Data below:
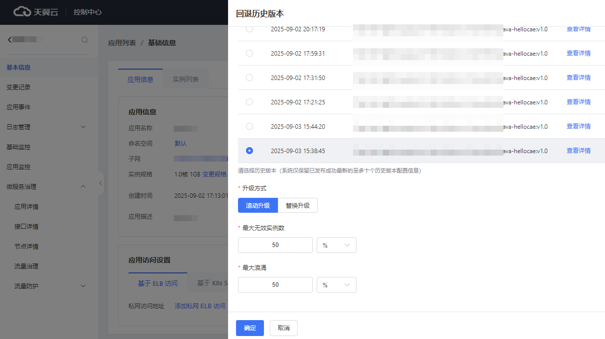 云应用引擎创建完成后,还需不断迭代升级,如果升级的版本出现问题,需要回退至所需的历史版本。
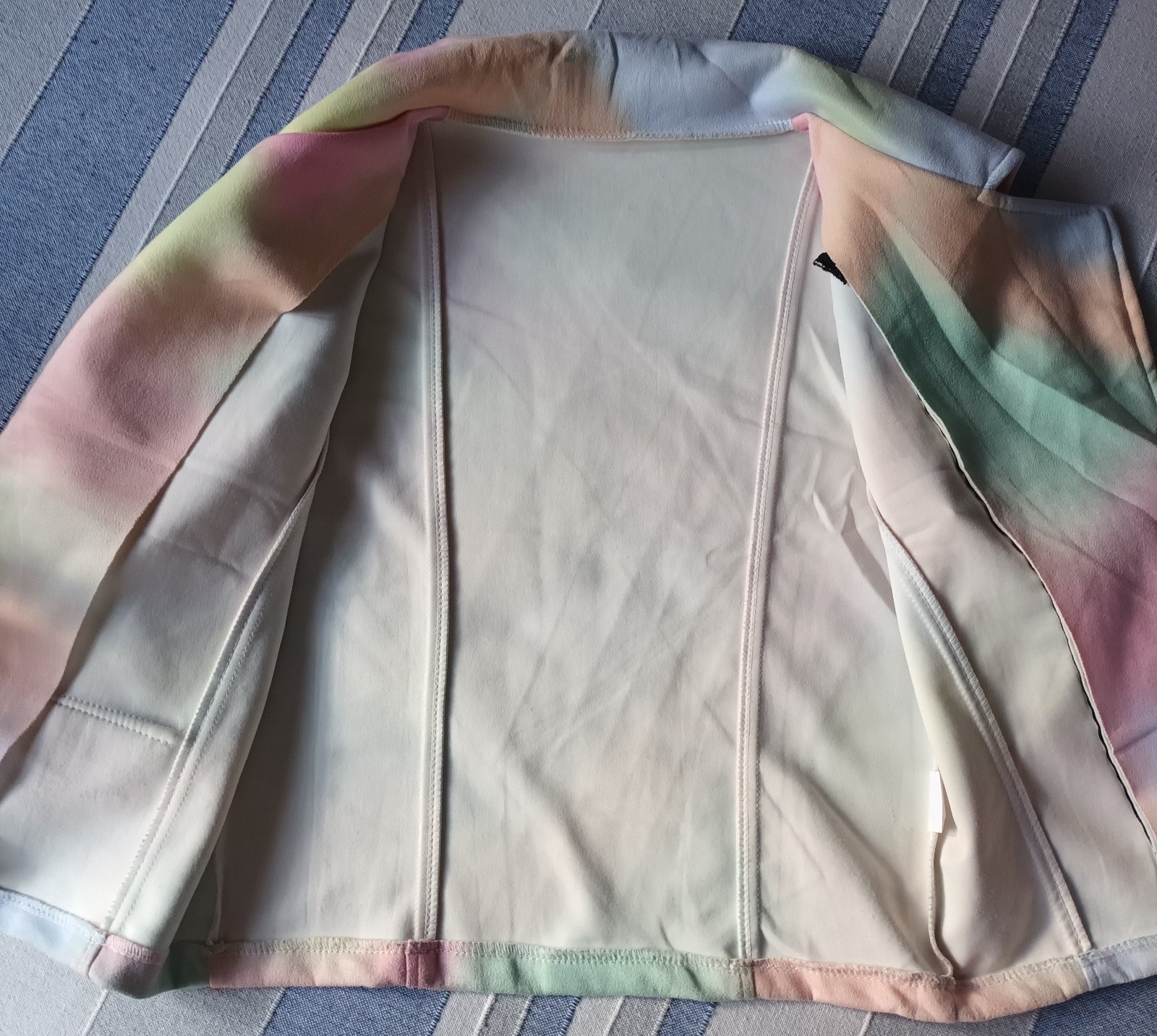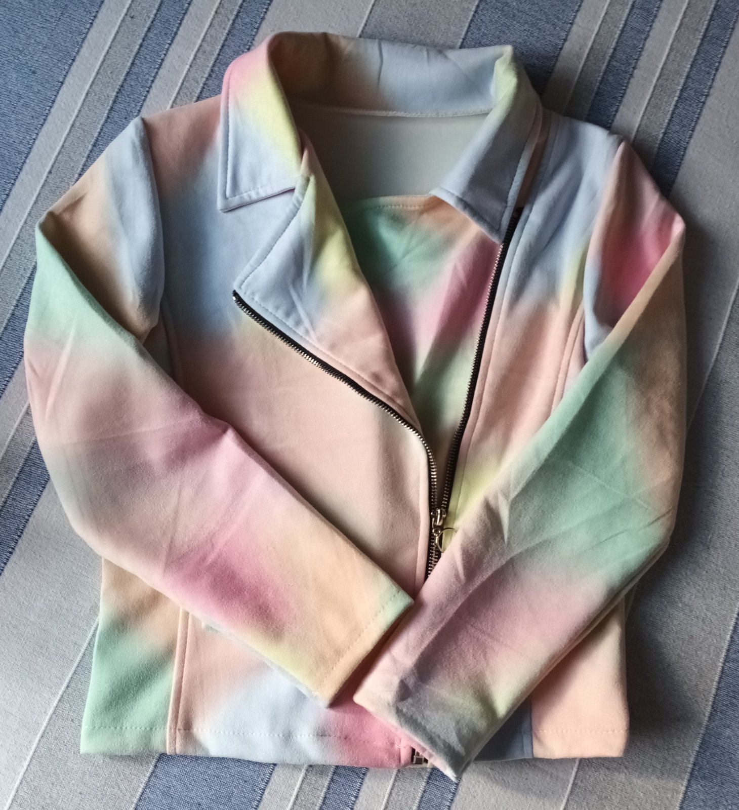 Krásne, farebné sako v pastelových farbách. Sako je bez poškodení. Šírka cez prsia 38cm, dĺžka saka je 49cm q dĺžka rukáva od ramena je 52cm. Cena 12 eur plus poštovné.
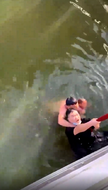 3月3日下午4时20分,正在周口市淮阳区龙湖风景区内陪孩子游玩的方岩,突然听到远处传来了求救声。循声望去,只见一名女子在桥边大喊大叫,周围群众乱成一片,2名男子爬上围栏,准备往湖里跳……
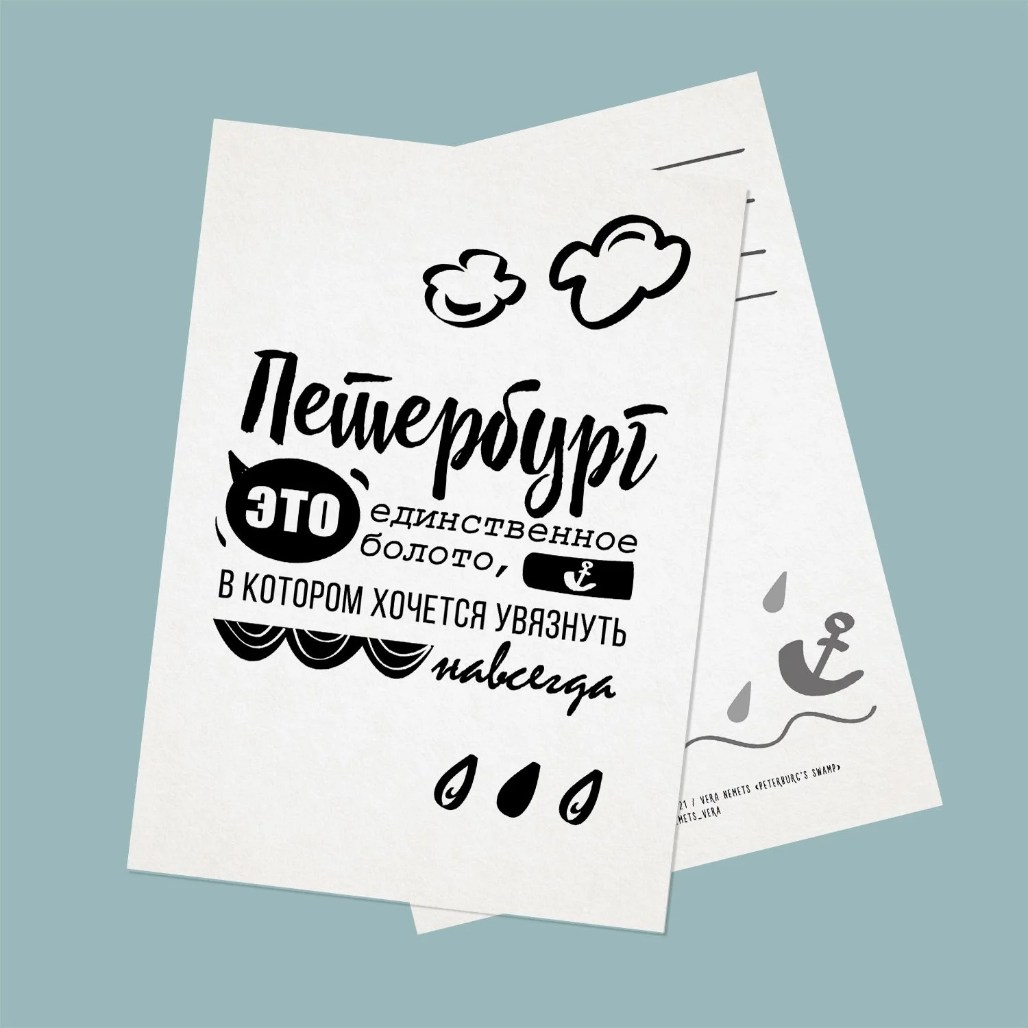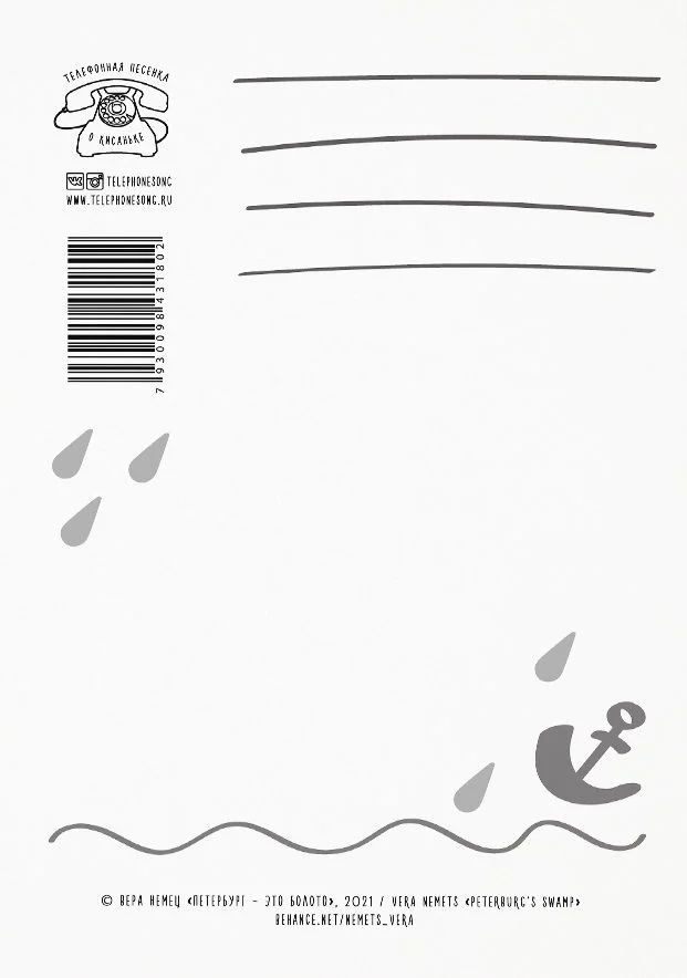 Минималистичная открытка с надписью: "Петербург - это единственное болото, в котором хочется увязнуть навсегда." Размер 10х15 см, печать на плотном картоне. Открытка бережно упаковывается в крафтовый конверт. Оборот открытки матовый: смело пишите ручкой и не бойтесь, что пожелание размажется. Есть разлинованное место для подписи и место для наклеивания марок.
End of Data.
▶ _Your instructions_
In the material above, which lines fall between the one holding "Krásne, farebné sako" and the one holding "3月3日下午4时20分,正在", inclusive? Print exactly those, with the pictures left out.

▶ _Solution to the problem_
 Krásne, farebné sako v pastelových farbách. Sako je bez poškodení. Šírka cez prsia 38cm, dĺžka saka je 49cm q dĺžka rukáva od ramena je 52cm. Cena 12 eur plus poštovné.
 3月3日下午4时20分,正在周口市淮阳区龙湖风景区内陪孩子游玩的方岩,突然听到远处传来了求救声。循声望去,只见一名女子在桥边大喊大叫,周围群众乱成一片,2名男子爬上围栏,准备往湖里跳……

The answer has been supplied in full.